It was sad enough that the other baby bird died almost immediately, I don't want to lose this little guy, too.

Can I do anything to help or support his recovery, aside from the antibiotics?


----------



## Jay3 (May 4, 2008)

Do You keep him on a heating pad set on LOW, or under some sort of heat? They need to be very warm in order to digest their food. Otherwise the food just sits in the crop and they will get sour crop, where it sours and won't pass through. It will cause a yeast infection. So they need to be kept warm. Be care with the extra calcium, as usually those formulas do contain it and say not to add more. TCalcium and D3 are important, but too much is as bad as not enough.


----------



## Rhevi (Jun 15, 2017)

He is on a heating pad set on medium temperature (low is just about 27° Celsius, medium is about 35°-36°), and I put just a tiny bit of Calcium in his food once a day. (I can stop that, if you think it's too much.)
The crop is emptying fine, I doubt that's the problem with him.

I just saw him breathing with his beak open, but just for a moment, then he returned to his "normal" heavy breathing...


----------



## Jay3 (May 4, 2008)

Only time will tell if it will clear. Gotta go to work for a few hours. Will be back on later, but am sure others will be in. 
Can't imagine someone just tossing them away in a dumpster. We always say to set it on LOW, as it can get warm with the baby on it.


----------



## Rhevi (Jun 15, 2017)

Thanks Jay.
I'll keep an eye on both my baby and this thread.
The next time I'm planning to feed the little one is in about an hour, but when he noticed me checking on him he already started hopping around and begging. (But not squeaking, which still freaks me out...)
As long as he keeps his appetite, it can't be too bad, I guess...


----------



## Jay3 (May 4, 2008)

This was a post made by one of our members, who does very well raising babies from hatch. You may find it helpful.

Old Today, 08:55 PM
http://www.pigeons.biz/forums/f5/new-here-and-have-a-few-questions-98482.html
FredaH's Avatar 
FredaH FredaH is online now
Matriarch/Patriarch

Join Date: Apr 2016
Country: United Kingdom
Location: South East England
Posts: 717
I've only had two eggs together and they were tumblers but hatched on the same day, 19th August last year - so I wonder if yours will. My three ferals were from different batches.
I don't feed the hatchlings until they've completely dried off and had a sleep, around six hours after hatching, just to make sure they've gained their strength from the hatch - some folk say you can wait as long as twenty four hours because they've only just ingested the yolk from the egg and don't need feeding right away but I give a few small feeds on the first day anyway. I don't make the Kaytee mix as liquid as suggested on the can because I found it too watery and worried it may choke the babies by running too fast, instead I make a runny paste - as you will see in the video below it runs but rather slowly - so you want a little less water than stated but that's just my opinion.
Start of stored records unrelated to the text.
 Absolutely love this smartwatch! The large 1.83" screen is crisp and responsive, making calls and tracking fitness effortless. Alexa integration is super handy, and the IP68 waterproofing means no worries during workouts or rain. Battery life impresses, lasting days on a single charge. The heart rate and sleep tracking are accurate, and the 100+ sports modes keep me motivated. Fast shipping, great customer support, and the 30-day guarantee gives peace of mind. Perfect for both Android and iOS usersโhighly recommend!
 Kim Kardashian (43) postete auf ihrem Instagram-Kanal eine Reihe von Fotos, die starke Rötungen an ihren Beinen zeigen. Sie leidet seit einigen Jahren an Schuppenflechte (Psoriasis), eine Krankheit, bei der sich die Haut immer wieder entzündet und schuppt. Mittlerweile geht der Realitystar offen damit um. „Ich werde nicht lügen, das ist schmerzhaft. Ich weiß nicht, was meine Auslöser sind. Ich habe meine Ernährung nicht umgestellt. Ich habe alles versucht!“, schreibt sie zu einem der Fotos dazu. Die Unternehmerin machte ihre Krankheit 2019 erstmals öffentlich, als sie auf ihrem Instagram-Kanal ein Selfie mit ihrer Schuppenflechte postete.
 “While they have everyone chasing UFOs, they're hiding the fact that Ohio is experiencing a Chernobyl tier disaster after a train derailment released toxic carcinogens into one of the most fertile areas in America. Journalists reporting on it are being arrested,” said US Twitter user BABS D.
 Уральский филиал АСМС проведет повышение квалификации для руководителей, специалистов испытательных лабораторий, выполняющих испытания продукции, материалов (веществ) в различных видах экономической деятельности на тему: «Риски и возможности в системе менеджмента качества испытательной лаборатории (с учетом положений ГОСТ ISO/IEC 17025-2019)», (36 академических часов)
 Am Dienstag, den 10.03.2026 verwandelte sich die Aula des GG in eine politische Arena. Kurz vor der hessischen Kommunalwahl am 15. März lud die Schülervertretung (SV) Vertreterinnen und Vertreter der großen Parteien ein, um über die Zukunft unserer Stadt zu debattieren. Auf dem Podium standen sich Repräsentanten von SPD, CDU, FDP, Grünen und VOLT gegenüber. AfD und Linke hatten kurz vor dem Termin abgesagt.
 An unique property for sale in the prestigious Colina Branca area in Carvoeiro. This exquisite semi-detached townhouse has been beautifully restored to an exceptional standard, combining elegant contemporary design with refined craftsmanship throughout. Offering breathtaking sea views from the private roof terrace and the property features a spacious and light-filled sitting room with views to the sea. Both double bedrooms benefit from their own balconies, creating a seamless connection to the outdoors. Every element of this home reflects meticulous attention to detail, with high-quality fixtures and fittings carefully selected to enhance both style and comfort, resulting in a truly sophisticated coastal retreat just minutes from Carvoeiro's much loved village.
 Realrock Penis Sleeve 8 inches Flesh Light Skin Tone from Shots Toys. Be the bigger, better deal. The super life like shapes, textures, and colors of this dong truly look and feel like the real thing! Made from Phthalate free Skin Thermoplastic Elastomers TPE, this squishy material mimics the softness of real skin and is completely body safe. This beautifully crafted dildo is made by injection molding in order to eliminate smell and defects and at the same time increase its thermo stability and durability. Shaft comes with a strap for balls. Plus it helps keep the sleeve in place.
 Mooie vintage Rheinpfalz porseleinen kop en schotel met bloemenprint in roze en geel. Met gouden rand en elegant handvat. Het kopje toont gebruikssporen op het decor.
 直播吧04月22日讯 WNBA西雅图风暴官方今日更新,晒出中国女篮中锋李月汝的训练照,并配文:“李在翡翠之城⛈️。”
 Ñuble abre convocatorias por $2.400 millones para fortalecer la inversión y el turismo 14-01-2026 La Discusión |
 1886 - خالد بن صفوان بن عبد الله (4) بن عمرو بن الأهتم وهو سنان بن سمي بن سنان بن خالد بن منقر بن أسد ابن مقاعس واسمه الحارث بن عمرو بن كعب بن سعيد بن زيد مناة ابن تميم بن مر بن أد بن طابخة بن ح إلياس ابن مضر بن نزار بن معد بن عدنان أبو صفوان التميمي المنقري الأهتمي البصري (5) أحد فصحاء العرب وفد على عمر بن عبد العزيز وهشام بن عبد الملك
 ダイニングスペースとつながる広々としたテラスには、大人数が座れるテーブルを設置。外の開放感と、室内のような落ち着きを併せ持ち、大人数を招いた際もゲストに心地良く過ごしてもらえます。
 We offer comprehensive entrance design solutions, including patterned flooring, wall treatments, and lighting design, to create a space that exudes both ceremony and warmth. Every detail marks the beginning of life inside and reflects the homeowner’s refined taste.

I feed five times per day and I also feed if there is still a little in the crop from a previous feed, if I wait until the crop is completely empty I wouldn't be able to feed the chick as much as he needs - again just my opinion. If the crop is rather full after four and a half hours I feed just a small amount of tepid cow and gate baby apple sauce to get it moving but just a 1/2 ml. I would never feed by spoon as suggested on the Kaytee can, pigeons don't eat from spoons and they have no problem with feeding from a syringe and balloon from day one. I really don't measure how much I have given because I go by a nice plump crop, I like it to feel like a bean bag that has a few beans missing, kind of like a squishy cushion - I'd say they take around 2 ml in the first few feeds but you will know if it's more or less by the look and feel of the crop. Make sure the nose holes aren't completely covered when feeding, although this is difficult because they are so keen to feed - typical pigeons right from the start, lol. Once you've done a first feed you'll feel much more confident and go from strength to strength.
I keep my babies in the incubator for the first five days because they must be warm in order to digest the food and I keep them at 34 C degrees, once they start to get adventurous I move them to a well ventilated but heated tub - if the weather is warm I place a heat mat under the outside of the tub because overheating is dangerous just as under heating can be. The tub should be large enough to have a nest area and a jar one third filled with water for humidity and space for the chick to move around and toilet, as you know they don't toilet in the nest. With the water jar I just punch a few holes in the lid once it's screwed back on so the babes can't fall in and drown and the sharp edges from the holes are on the inside. In the corner I call the nest area I also put a small soft toy for them to nuzzle up to. Once they have enough feathers I take the heat source away and do this a few degrees at a time over the course of a week, I keep them at 34 degrees for the first week then lower it to 30 degrees. Measure the temperature at ground level because if it's 34 degrees at the top of the tub and the heat mat is at the bottom it will be hotter down there obviously.
As you won't have the incubator to keep your babies in you'll need to monitor the temperature in the tub, I do this with a probe thermometor for reptiles but I'm sure you can find a way to measure yourself. You don't want food rotting in their tiny tums and the need for a correct heat is imperative.
I hope this helps and please post pics when they arrive - I'm so jealous, lol and would love to raise a baby right now, I have a chick just hatched but this one has parents - sigh.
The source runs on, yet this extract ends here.